**TASK PROMPT:**
Within the records below, find the line with "Essberger vessels: Lisa, Lucy, Caroline, Ursula, Anneliese" and the line with "TE Part #2-2150713-1", then reproduce exactly those two lines and all lines between them, without any picture.

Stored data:
● ● ● ● ●
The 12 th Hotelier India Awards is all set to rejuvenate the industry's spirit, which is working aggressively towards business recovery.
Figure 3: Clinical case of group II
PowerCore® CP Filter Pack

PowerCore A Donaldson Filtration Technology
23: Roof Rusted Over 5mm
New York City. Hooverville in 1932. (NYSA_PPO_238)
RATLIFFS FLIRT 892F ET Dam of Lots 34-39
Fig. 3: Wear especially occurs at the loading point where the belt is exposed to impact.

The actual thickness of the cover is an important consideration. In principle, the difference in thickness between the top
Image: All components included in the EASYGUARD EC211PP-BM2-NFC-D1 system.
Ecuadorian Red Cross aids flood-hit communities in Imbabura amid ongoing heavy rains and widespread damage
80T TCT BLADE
● ● ● ● ●
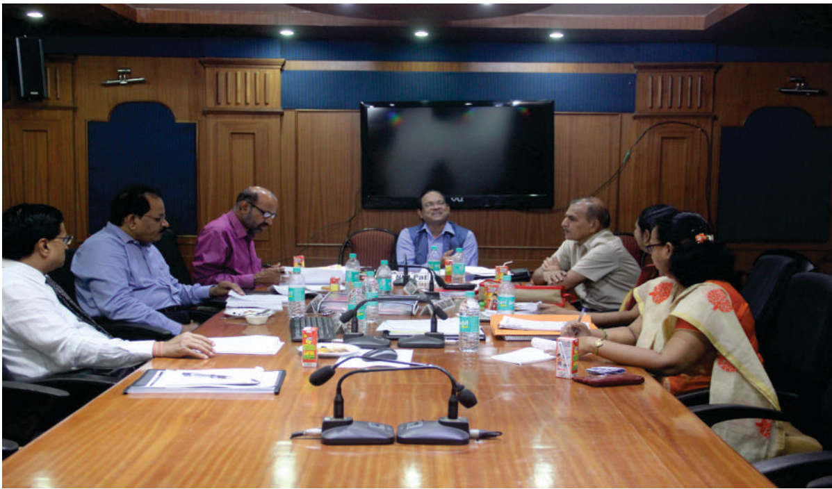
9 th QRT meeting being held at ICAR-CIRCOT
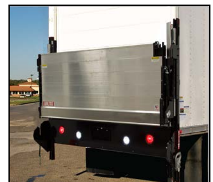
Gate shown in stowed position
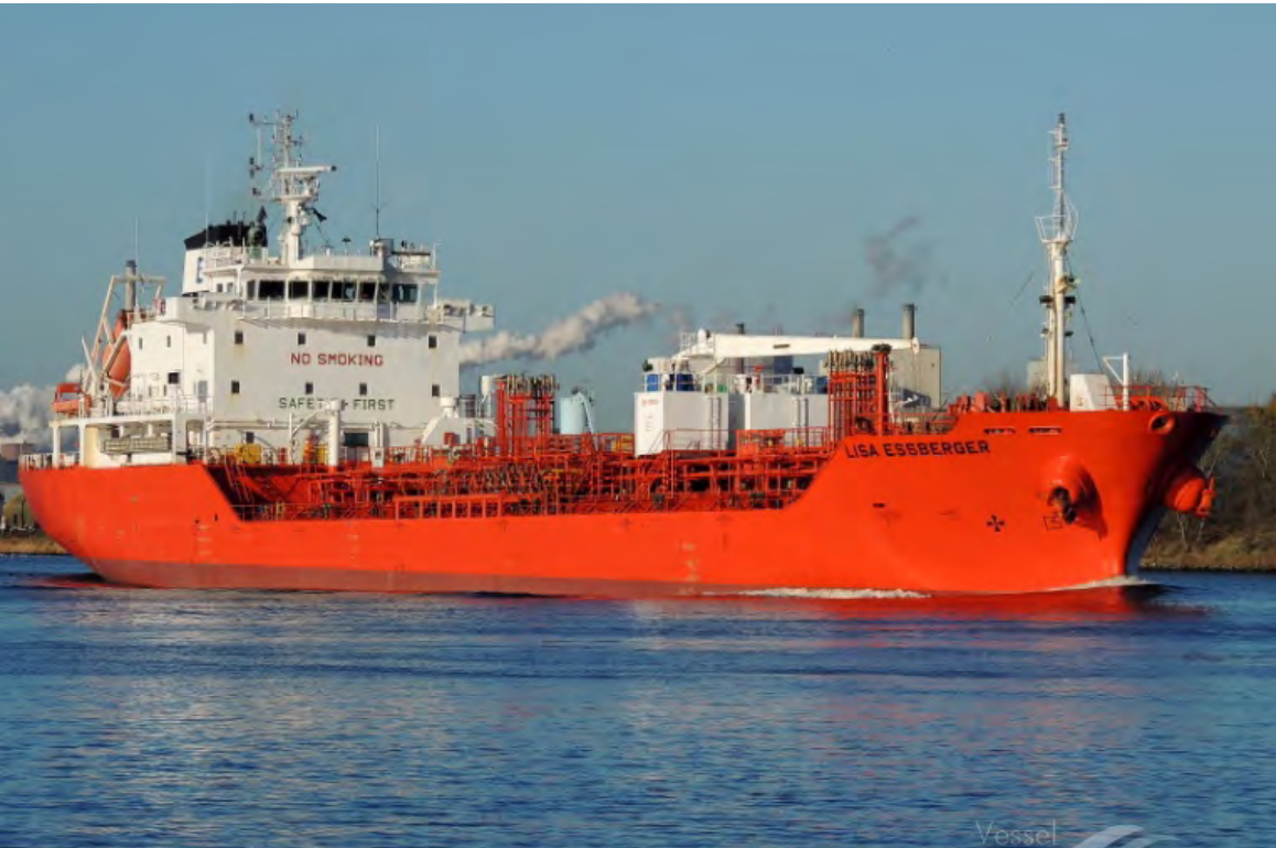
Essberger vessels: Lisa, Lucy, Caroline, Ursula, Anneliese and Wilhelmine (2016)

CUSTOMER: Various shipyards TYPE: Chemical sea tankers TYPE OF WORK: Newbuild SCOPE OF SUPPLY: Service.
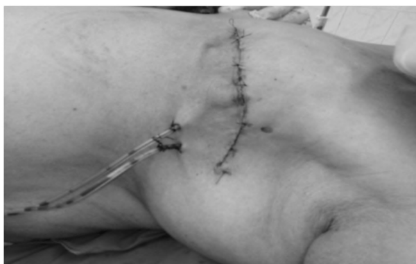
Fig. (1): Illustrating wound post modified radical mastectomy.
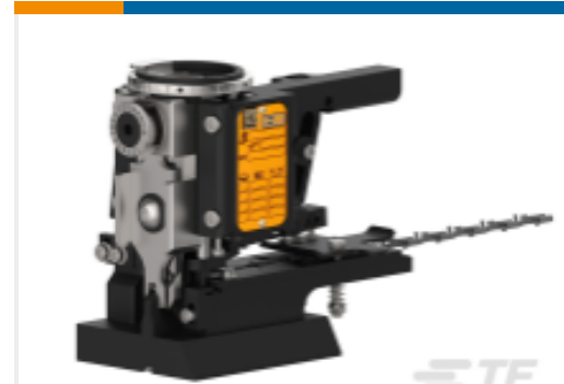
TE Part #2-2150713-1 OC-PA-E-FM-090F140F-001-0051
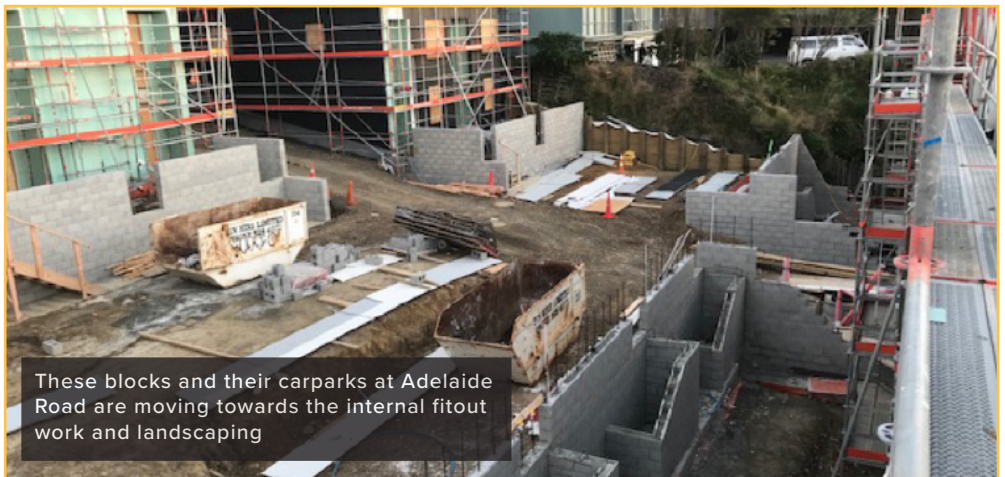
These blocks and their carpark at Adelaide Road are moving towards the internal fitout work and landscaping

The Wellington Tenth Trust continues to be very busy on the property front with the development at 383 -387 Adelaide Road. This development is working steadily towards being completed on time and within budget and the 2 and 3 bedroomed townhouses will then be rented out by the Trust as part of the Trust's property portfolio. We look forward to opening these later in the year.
● ● ● ● ●
**SOLVED PROBLEM:**
Essberger vessels: Lisa, Lucy, Caroline, Ursula, Anneliese and Wilhelmine (2016)

CUSTOMER: Various shipyards TYPE: Chemical sea tankers TYPE OF WORK: Newbuild SCOPE OF SUPPLY: Service.
Fig. (1): Illustrating wound post modified radical mastectomy.
TE Part #2-2150713-1 OC-PA-E-FM-090F140F-001-0051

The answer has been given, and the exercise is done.